First, we applied the trained model to 504 test images. For each image, we recorded the classification and the measured uncertainty. The results for Entropy H are presented in Fig. 3A. On average, the highest uncertainty values were reported for images from the Stroma and Complex classes. The biggest variance in uncertainty was measured for the Debris class. These three classes were also misclassified as each other, which indicates that they are similar in appearance and the model has a hard time differentiating them. This is in agreement with the precision-recall curves in Fig. 2D and with the analysis described below in Understanding uncertainty. In addition, it can be observed that misclassification occurred almost exclusively when the uncertainty was high. Thus, a high uncertainty is indeed a good indicator that the prediction may be faulty. The results for BALD are shown in Fig. 3B. On average, the most uncertain classes according to that measure are Stroma and Complex, in agreement with Entropy H. Interestingly, BALD measured much less variance in the Debris class, which makes Lympho the most variable class in this case. Moreover, the Empty class is relatively more certain according to BALD than in the Entropy H experiment. These differences may be a result of epistemic and aleatoric uncertainties present in the data, which are measured differently by BALD and Entropy H (see Active learning). Nevertheless, the BALD measure still captures the fact that misclassifications take place mainly for highly uncertain predictions.

#### Active learning

Active learning is a set of methods that try to minimise the amount of labelled data needed to fully train a classifier.

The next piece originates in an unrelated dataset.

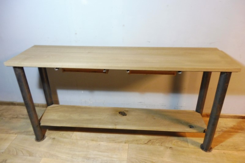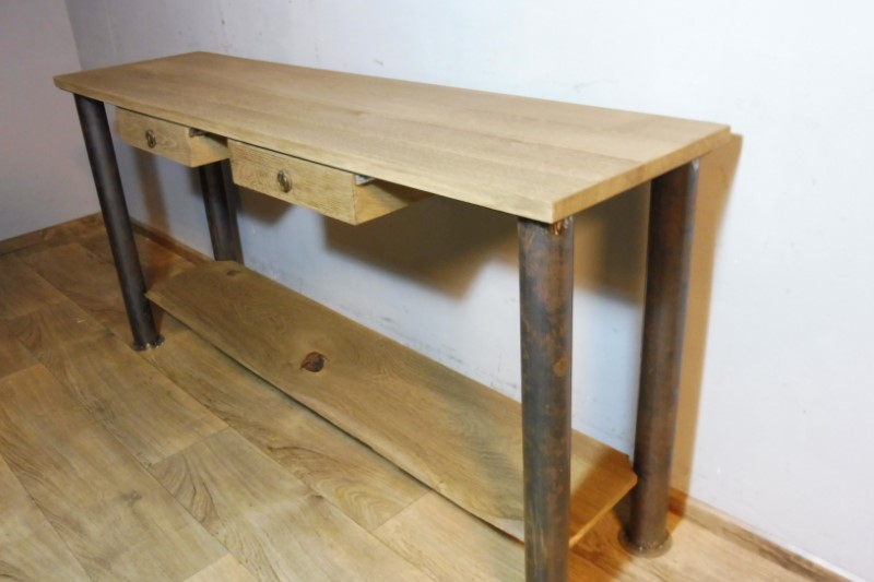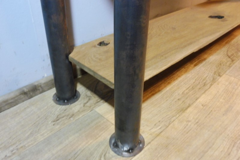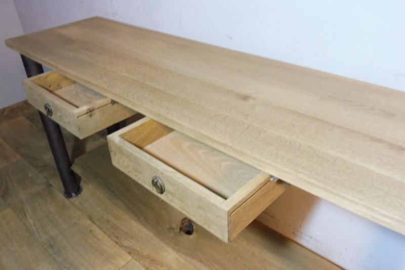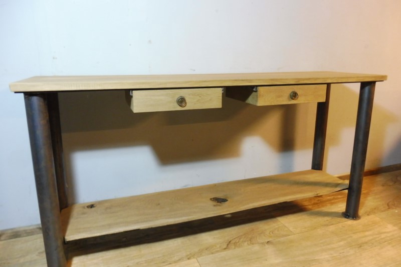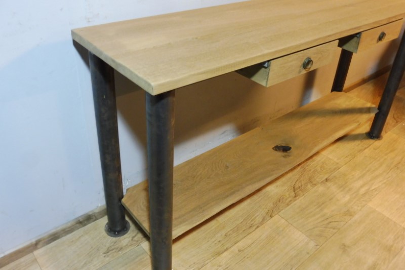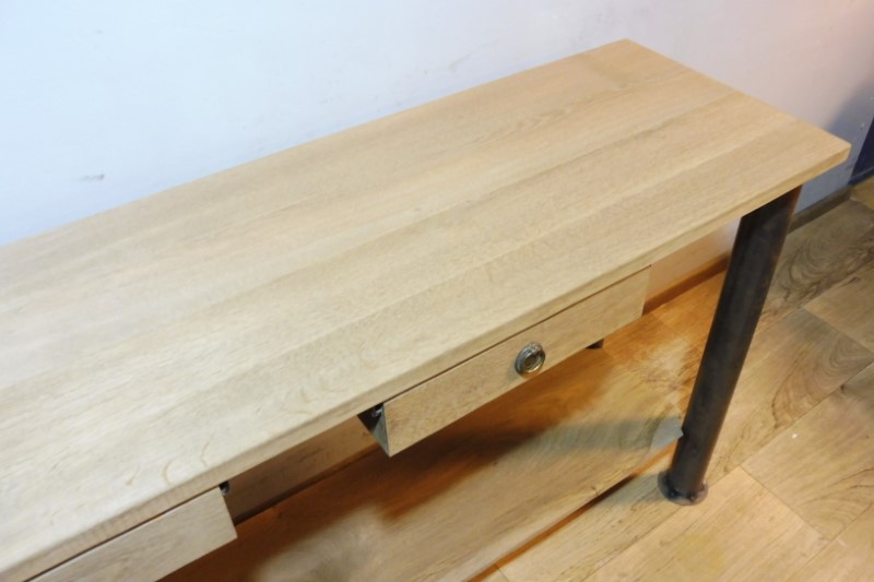 Prachtige industriële designtafel (Nieuw). Tafelblad is massief eiken en behandeld met olie. Hoogte 88 cm – Breedte 178 cm – Diepte 54 cm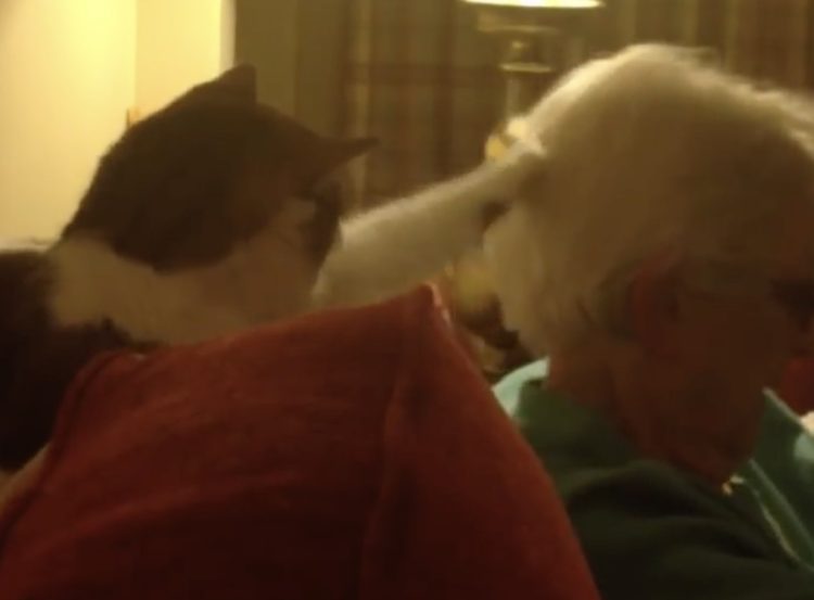 「(ポカポカッ)遊ぼう?」おばぁちゃんの頭に猫パンチをする猫さん。

They start from a small dataset and, as the training goes on, add new training samples according to some kind of acquisition function. We tested the effectiveness of using uncertainty measures as this function, effectively choosing most uncertain images as the ones the model should learn first. The idea here is that if the model learns first what it has the most trouble with, then it should achieve high accuracy at an earlier stage in the active learning process.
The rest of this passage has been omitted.